## What is needed
Within the records that follow, restate exactly the lines from the line with "Takket være den" down to the line with "- How to create", including both. Omit the pictures.

--- Source data ---

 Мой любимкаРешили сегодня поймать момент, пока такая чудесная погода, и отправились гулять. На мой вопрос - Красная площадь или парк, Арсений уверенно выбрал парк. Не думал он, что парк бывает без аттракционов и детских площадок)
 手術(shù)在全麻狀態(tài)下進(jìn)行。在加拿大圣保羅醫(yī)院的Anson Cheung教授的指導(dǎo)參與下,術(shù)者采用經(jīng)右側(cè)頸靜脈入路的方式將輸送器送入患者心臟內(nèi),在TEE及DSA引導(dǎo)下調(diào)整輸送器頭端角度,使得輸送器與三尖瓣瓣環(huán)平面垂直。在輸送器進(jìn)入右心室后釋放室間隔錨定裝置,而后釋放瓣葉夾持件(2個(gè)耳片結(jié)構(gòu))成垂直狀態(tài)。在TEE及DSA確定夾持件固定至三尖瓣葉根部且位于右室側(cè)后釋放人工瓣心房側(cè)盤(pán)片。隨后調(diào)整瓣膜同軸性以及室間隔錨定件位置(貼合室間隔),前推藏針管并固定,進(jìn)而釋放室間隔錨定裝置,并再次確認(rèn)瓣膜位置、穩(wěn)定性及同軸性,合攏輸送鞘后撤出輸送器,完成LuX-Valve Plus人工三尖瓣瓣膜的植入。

---
--- Source data ---

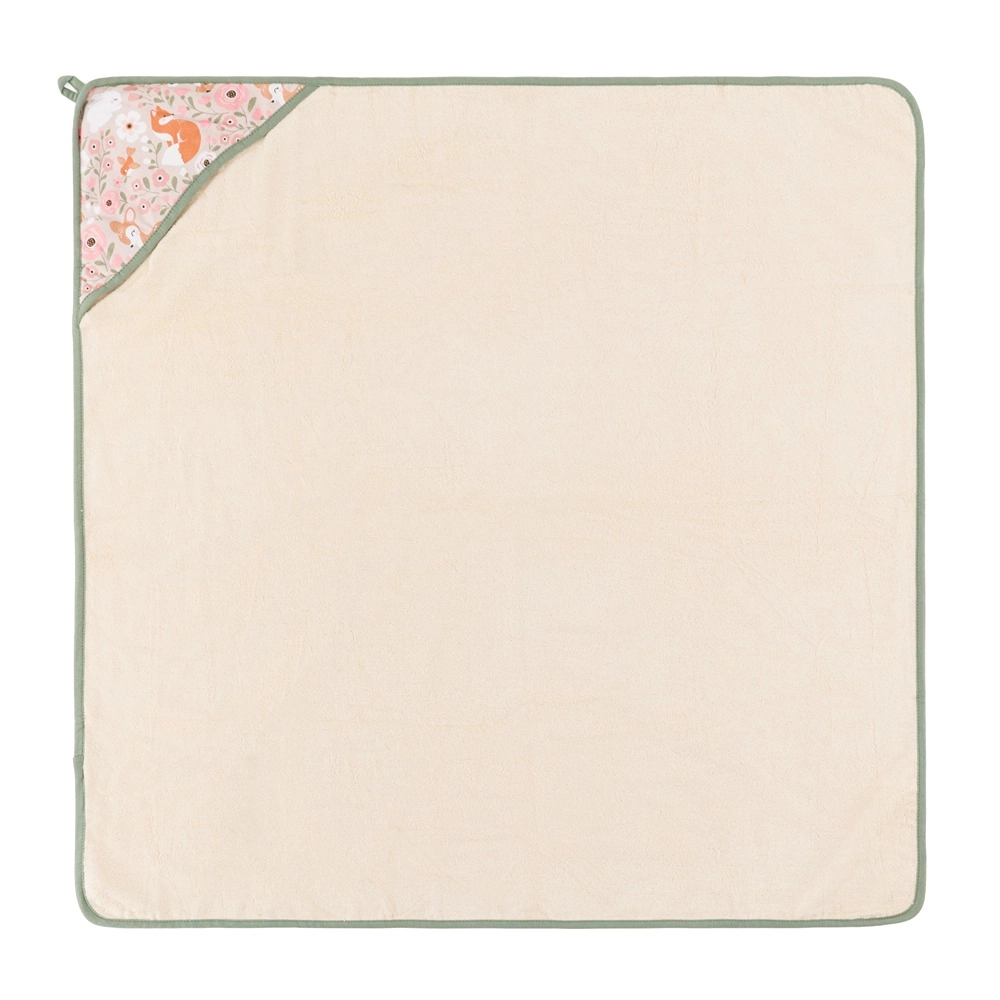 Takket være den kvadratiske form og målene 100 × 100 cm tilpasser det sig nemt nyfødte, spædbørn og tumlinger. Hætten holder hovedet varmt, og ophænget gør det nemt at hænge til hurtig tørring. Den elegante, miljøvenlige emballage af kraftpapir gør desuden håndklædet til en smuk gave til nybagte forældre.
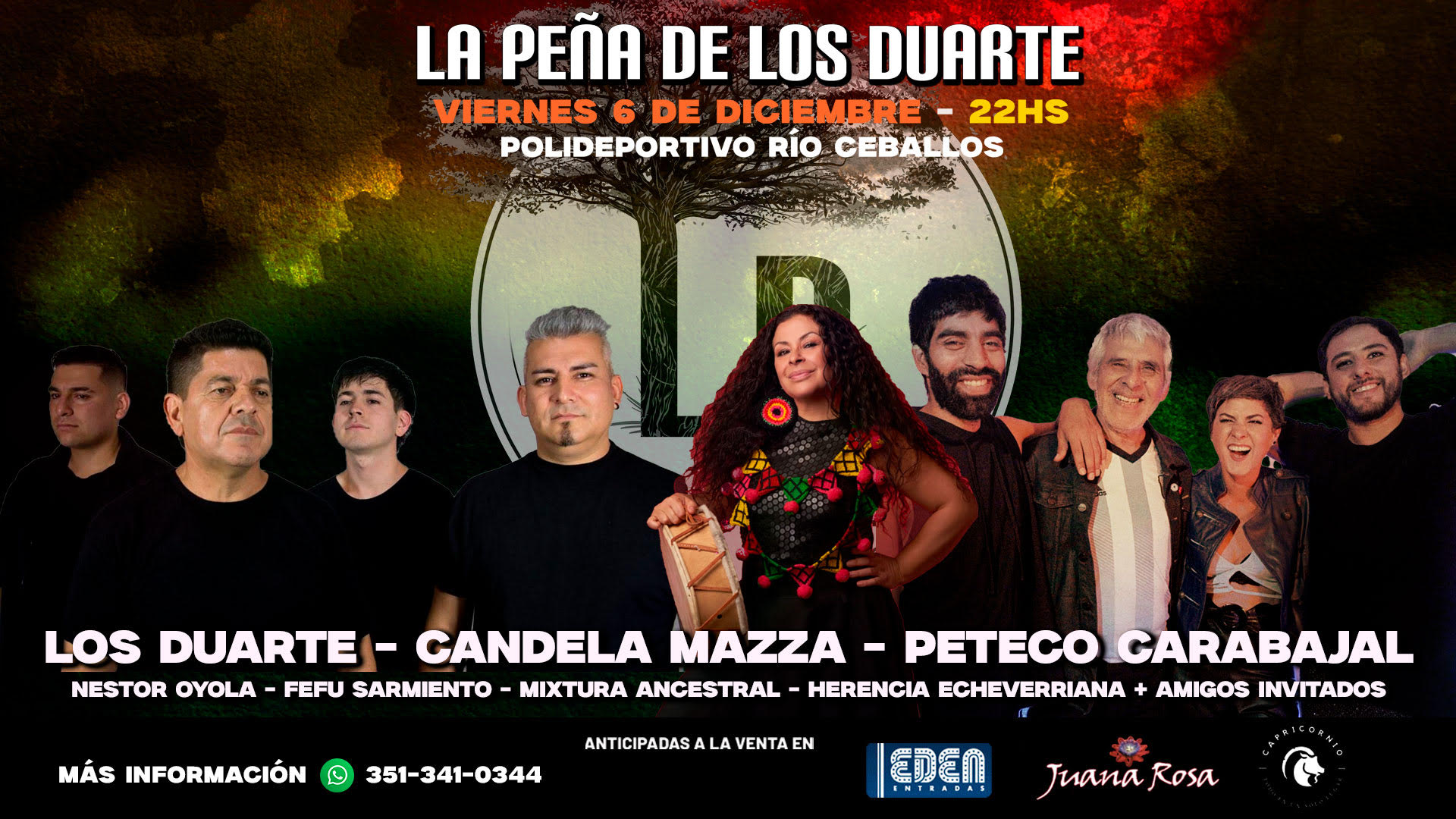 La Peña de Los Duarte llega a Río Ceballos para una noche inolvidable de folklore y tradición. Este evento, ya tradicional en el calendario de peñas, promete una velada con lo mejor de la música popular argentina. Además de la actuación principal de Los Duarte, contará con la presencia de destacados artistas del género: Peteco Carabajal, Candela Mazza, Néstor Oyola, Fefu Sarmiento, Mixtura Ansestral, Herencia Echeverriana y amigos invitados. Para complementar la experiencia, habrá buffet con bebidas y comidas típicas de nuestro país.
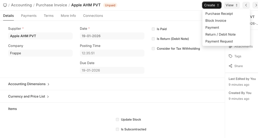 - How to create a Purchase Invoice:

---
--- Source data ---

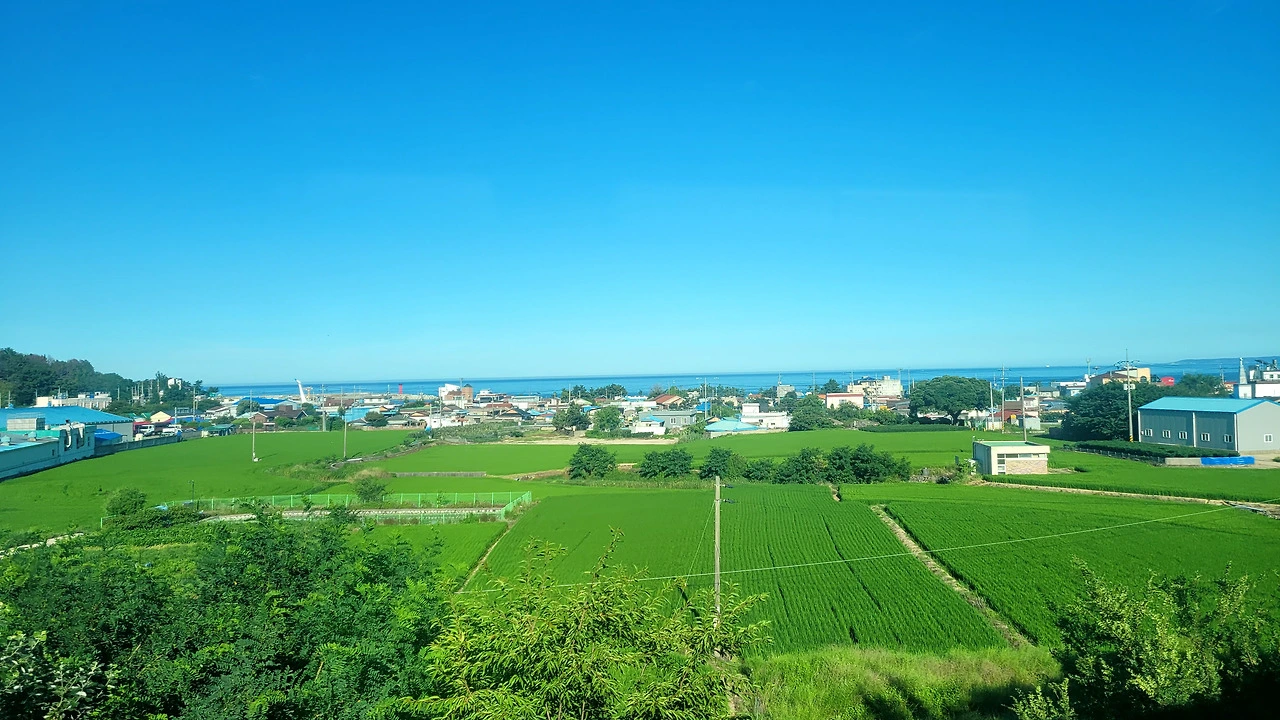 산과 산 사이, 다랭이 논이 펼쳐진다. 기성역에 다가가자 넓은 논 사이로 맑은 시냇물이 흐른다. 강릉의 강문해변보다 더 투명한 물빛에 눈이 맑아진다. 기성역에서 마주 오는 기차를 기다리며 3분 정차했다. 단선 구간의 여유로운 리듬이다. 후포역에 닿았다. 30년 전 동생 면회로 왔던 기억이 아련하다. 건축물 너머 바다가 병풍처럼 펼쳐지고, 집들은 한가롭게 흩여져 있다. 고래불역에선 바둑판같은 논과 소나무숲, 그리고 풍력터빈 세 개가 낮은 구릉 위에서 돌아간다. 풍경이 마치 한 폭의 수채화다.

---

## Worked solution
 Takket være den kvadratiske form og målene 100 × 100 cm tilpasser det sig nemt nyfødte, spædbørn og tumlinger. Hætten holder hovedet varmt, og ophænget gør det nemt at hænge til hurtig tørring. Den elegante, miljøvenlige emballage af kraftpapir gør desuden håndklædet til en smuk gave til nybagte forældre.
 La Peña de Los Duarte llega a Río Ceballos para una noche inolvidable de folklore y tradición. Este evento, ya tradicional en el calendario de peñas, promete una velada con lo mejor de la música popular argentina. Además de la actuación principal de Los Duarte, contará con la presencia de destacados artistas del género: Peteco Carabajal, Candela Mazza, Néstor Oyola, Fefu Sarmiento, Mixtura Ansestral, Herencia Echeverriana y amigos invitados. Para complementar la experiencia, habrá buffet con bebidas y comidas típicas de nuestro país.
 - How to create a Purchase Invoice:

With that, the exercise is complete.